It can be divided mainly into sintered diamond tool and plating diamond tool.Wherein, sintered diamond tool is a kind of will to contain carcass
The mixed powder of powder raw material and diamond particles passes through the sintered powder being prepared after the processes such as molding, sintering, mixed powder
In carcass powder raw material form the carcass that diamond particles can be tightly plated thereon after sintering.However, existing sintering
Diamond tool is mainly the cutting tools such as saw blade and drill bit-like tool, thus is not used to molding counter bore structure, step structure
The commonly required Milling Process with inner-cavity structure etc.;Even if the shape and structure that change these tools enable to add for specific
Work type, but due to the variation of the operating conditions such as stress, temperature, it tends to be difficult to meet the requirement under particular process type.
Therefore, such as the Milling Process of counter bore structure, step structure and inner-cavity structure is carried out, plating can only be used at present
Diamond tool.Plating diamond tool securely fixes one layer of diamond particles by one layer of metallic bond of chemical deposition
In base metal surface, the thickness of metallic bond is approximately the 1/2-2/3 of diamond particles layer height, therefore is gone out with excellent
Sword height, but following deficiency is shown when processing above-mentioned ceramic material: layers of diamond particles, which is easily peeled off, causes tool to use
Service life is shorter, and then causes number of changing knife in process frequent, and excessive number of changing knife not only reduces working efficiency, simultaneously
Secondary tool-setting error and machined trace are also easy to produce so that workpiece is scrapped;Higher height of protrusion is easy to cause the ceramic material of low tenacity
Material collapses scarce;Workpiece surface finish is poor after processing, workpiece surface quality is not high.
Summary of the invention
The purpose of the present invention is to provide a kind of sintered diamond tool and application thereof and preparation methods, to solve effectively drop
The low technology to the hard brittle materials mechanical processing difficulty such as aluminium oxide ceramics, silicon nitride ceramics, silicon carbide ceramics, zirconia ceramics is asked
Topic.
To achieve the goals above, according to an aspect of the invention, there is provided a kind of sintered diamond tool.The burning
Diamond tool is tied, including the sintered powder containing carcass with the diamond particles anchored on carcass, wherein the carcass
Mainly it is made of W and 30-80 parts of the Fe of Co, 0.5-10 part of 5-50 parts in parts by mass Cu, 3-30 part.

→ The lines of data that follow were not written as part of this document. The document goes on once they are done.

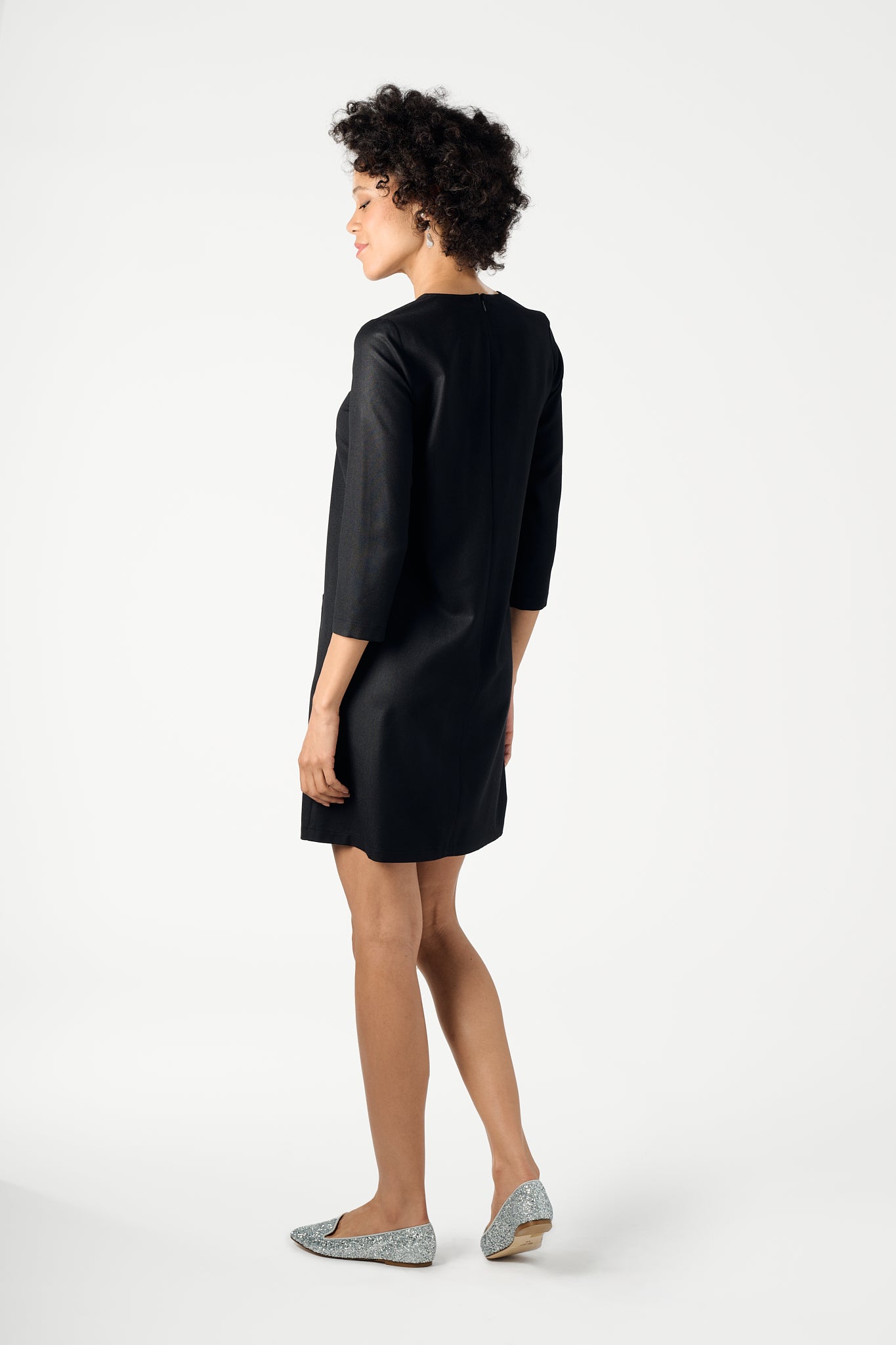 Das SARA Kleid ist ein schlichtes und dennoch elegantes Kleid in A-Linie, das sich perfekt für jeden Anlass eignet. Mit seinen 3/4-Ärmeln und praktischen aufgesetzten Taschen verbindet es mühelos Komfort und Stil. Das klare, minimalistische Design macht es vielseitig und leicht zu kombinieren, sodass es zu einem unverzichtbaren Kleidungsstück für jede Gelegenheit und jede Jahreszeit wird.
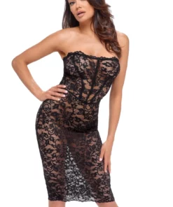 Sukienka sięga do kolan i posiada oryginalny fason bez ramion, ktory podkreśla linię ramion i szyi. Przod zdobią stylowe szwy modelujące, a tył wyposażono w efektowne sznurowanie na całej długości aż do linii bioder – sznurowanie można regulować według własnych potrzeb, co pozwala na idealne dopasowanie do figury.
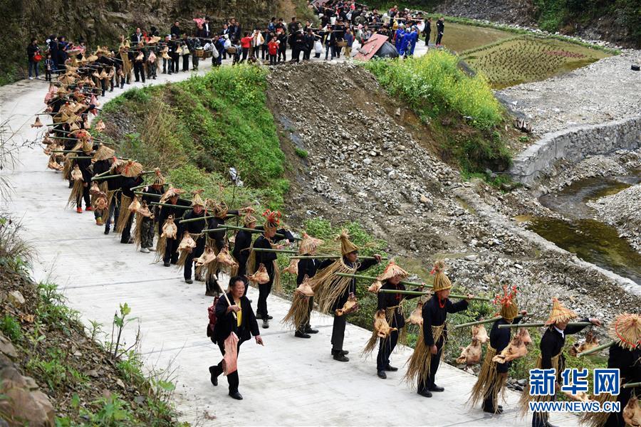 4月7日,苗族群眾挑著野炊所需用具,走在祭“巫耶”民俗活動途中。4月6日至7日,在貴州省黔東南苗族侗族自治州劍河縣觀么鎮(zhèn)新民村和新合村,來自劍河縣和三穗縣的苗族同胞歡聚一堂,通過民族歌舞展演、非遺手工藝展示、千戶祭“巫耶”、跳蘆笙舞等形式,與來賓一起歡慶2019年高雍苗族“三月三”民俗文化節(jié)。 新華社記者 楊文斌 攝
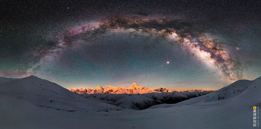 大雪山北部,海拔5884米的雅拉雪山與貢嘎遙相呼應(yīng),日落時(shí)分聳立在原野之上的雅拉被霞光籠罩如同大地的王冠;沙魯里山縱貫甘孜西部,它南北長約450公里,寬約200公里是四川最寬最長的山脈,它山勢(shì)平緩,置身其中有時(shí)都感覺不到山的存在,但同時(shí),它高大巍峨,盛產(chǎn)超過6000米的獨(dú)立山峰,沙魯里山脈北段有海拔6168米的雀兒山,它的中段有海拔6174米的格聶山,它的南段有三座6000米級(jí)山峰組成的稻城三座雪山,彼此距離不過5-7千米,三山合圍之中給人強(qiáng)烈的視覺震撼和心靈沖擊。動(dòng)輒直抵云霄的海拔,加上相對(duì)原始的環(huán)境,使得這里空氣潔凈度極高、光污染小,夜幕落下、銀河升起,云端之色變成一片攝人心魄的星光。
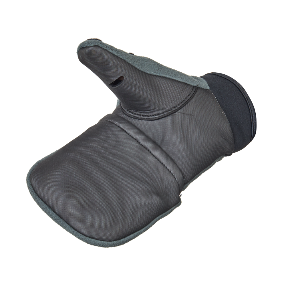 Vēja necaurlaidīgi cimdi-dūraiņi no poliestera ar PU membrānu un neoprēnu ar atlokāmu pirkstu daļu.
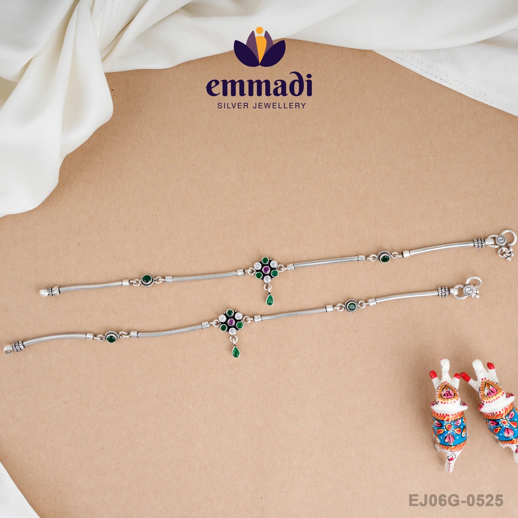 Elevate your ankle adornment with the exquisite Yaasana Stone Multi Anklets by Emmadi Silver Jeweller, India's Largest silver brand. Crafted with precision and grace, these anklets exude an aura of elegance and sophistication. Let the delicate stones shimmer with every step you take, adding a touch of luxury to your ensemble. Elevate your style effortlessly with these enchanting anklets, a true masterpiece for the discerning fashion connoisseur.
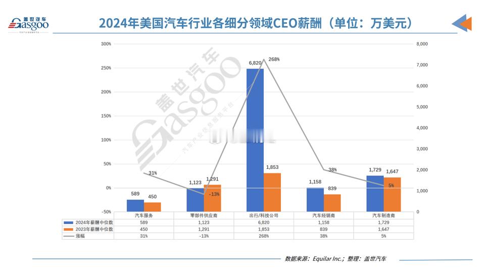 大家好奇不好奇,车企老板的薪酬是什么样的?在网上搜索了一下,2024年,任职至少两年的CEO群体中,薪酬中位数为1,220万美元,同比大涨35%。在美国汽车及相关行业企业的高管中,英伟达(Nvidia)和优步(Uber Technologies)的CEO 2024年薪酬最高。美国汽车制造商中薪酬最高的CEO是Mary Barra,2024年她从通用汽车获得的薪酬达29,818,313美元,同比增幅达12%。在所有CEO的薪酬总榜单中,Mary Barra排名第七。
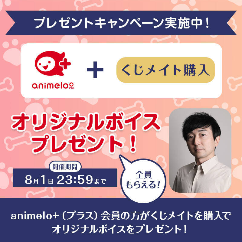 そのほか、発売中のくじメイト『野島裕史のくじメイト~犬系彼氏に癒される暮らし編~』『野島健児のくじメイト~猫系彼氏に翻弄される暮らし編~』では、ニコニコチャンネル「animelo+」会員限定でオリジナルボイスがもらえるキャンペーンを実施中。

Be further, the carcass by Cu, 3-30% by mass parts percentages 5-50% Co, 0.5-10%
W, the Si of the 0.1-15% and Fe of surplus and inevitable impurity are constituted.
It is further that the carcass contains Co, 2-10% of Cu, 5-25% by mass parts percentages 10-30%
W and 2-15% Si.
It is further that the diamond particles are single-crystalline diamond.
It is further that the sintered powder has rotary shaft when carrying out machining work with the sintered powder
Perpendicular end face, the end face are Milling Process working face.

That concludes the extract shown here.